_EXERCISE AIM_
Each line of the material should be set down exactly. Pictures are not part of the copy.

_PROVIDED MATERIAL_
____

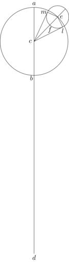 | Keywords: Coppernicus 073.svg de à ber die Kreisbewegungen der Weltkörper 73 File Kreisbewegungen-Coppernicus-0 djvu p 216 1879 w Nicolaus Copernicus File Coppernicus_073 png PD-old-100 De revolutionibus drawings LaTeX Source Code <syntaxhighlight lang latex > complile with »pdflatex« \documentclasstikz convert pdf2svg standalone \usepackage tkz-euclide \usetkzobj all \begin document \begin tikzpicture \tkzSetUpLineline width 0 4pt \pgfmathsetmacro \CA 1 8 ; \tkzDefPoint 90 \CA A \tkzDefPoint -90 \CA B \tkzDefPoint 0 0 C \tkzDefPoint -90 6 25 \CA D \tkzDefPoint 46 \CA E \coordinate F at C 67 E ; \tkzTangentfrom C E F \tkzGetPoints L M \begin pgfinterruptboundingbox \tkzInterLC C E E F \tkzGetPoints F F2 \end pgfinterruptboundingbox \tkzDrawCircle C A \tkzDrawCircle E F \draw A -- D ; \draw C -- F2 ; \draw C -- M ; \draw C -- L ; \draw E -- M ; \draw E -- L ; \draw A + 90 0 2 node a ; \draw B + -135 0 2 node b ; \draw C + 180 0 2 node c ; \draw D + -90 0 2 node d ; \draw E + 0 0 2 node e ; \draw F + -90 0 25 node f ; \draw L + -90 0 2 node l ; \draw M + 180 0 2 node m ; \end tikzpicture \end document </syntaxhighlight> |
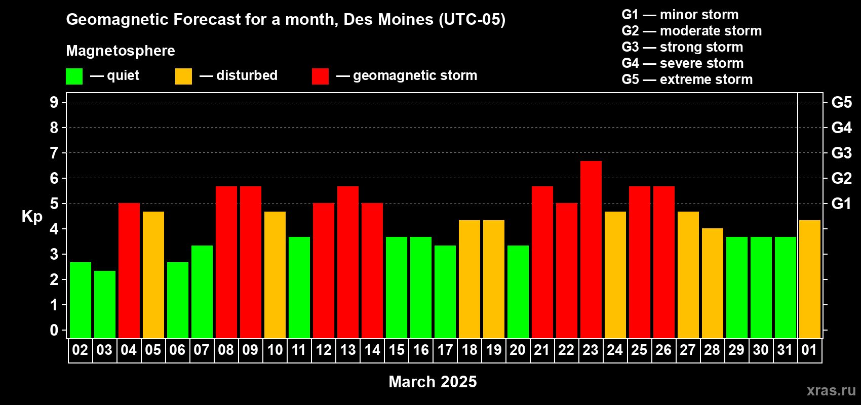Geomagnetic storm forecast in Des Moines for Mar 02, 2025
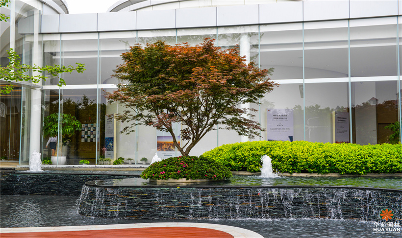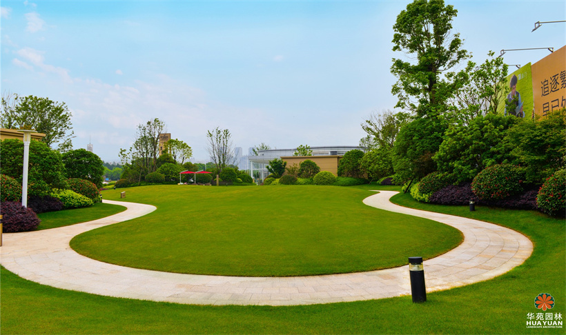 南昌高新區(qū)CBD中心的地鐵上蓋物業(yè),是集超甲寫字樓、五星級酒店、高端住宅、商業(yè)街為一體的城市綜合體,其售樓部園林景觀延續(xù)豐富的水資源景觀,將蓮葉的形態(tài)與建筑融合,利用曲線構(gòu)圖成景,建筑波浪形的流線與緊鄰的弧形水景互為映襯,打造出自然、生態(tài)、親水的園林景觀。

____

_ANSWER TO THIS PROBLEM_
 | Keywords: Coppernicus 073.svg de à ber die Kreisbewegungen der Weltkörper 73 File Kreisbewegungen-Coppernicus-0 djvu p 216 1879 w Nicolaus Copernicus File Coppernicus_073 png PD-old-100 De revolutionibus drawings LaTeX Source Code <syntaxhighlight lang latex > complile with »pdflatex« \documentclasstikz convert pdf2svg standalone \usepackage tkz-euclide \usetkzobj all \begin document \begin tikzpicture \tkzSetUpLineline width 0 4pt \pgfmathsetmacro \CA 1 8 ; \tkzDefPoint 90 \CA A \tkzDefPoint -90 \CA B \tkzDefPoint 0 0 C \tkzDefPoint -90 6 25 \CA D \tkzDefPoint 46 \CA E \coordinate F at C 67 E ; \tkzTangentfrom C E F \tkzGetPoints L M \begin pgfinterruptboundingbox \tkzInterLC C E E F \tkzGetPoints F F2 \end pgfinterruptboundingbox \tkzDrawCircle C A \tkzDrawCircle E F \draw A -- D ; \draw C -- F2 ; \draw C -- M ; \draw C -- L ; \draw E -- M ; \draw E -- L ; \draw A + 90 0 2 node a ; \draw B + -135 0 2 node b ; \draw C + 180 0 2 node c ; \draw D + -90 0 2 node d ; \draw E + 0 0 2 node e ; \draw F + -90 0 25 node f ; \draw L + -90 0 2 node l ; \draw M + 180 0 2 node m ; \end tikzpicture \end document </syntaxhighlight> |
Geomagnetic storm forecast in Des Moines for Mar 02, 2025
 南昌高新區(qū)CBD中心的地鐵上蓋物業(yè),是集超甲寫字樓、五星級酒店、高端住宅、商業(yè)街為一體的城市綜合體,其售樓部園林景觀延續(xù)豐富的水資源景觀,將蓮葉的形態(tài)與建筑融合,利用曲線構(gòu)圖成景,建筑波浪形的流線與緊鄰的弧形水景互為映襯,打造出自然、生態(tài)、親水的園林景觀。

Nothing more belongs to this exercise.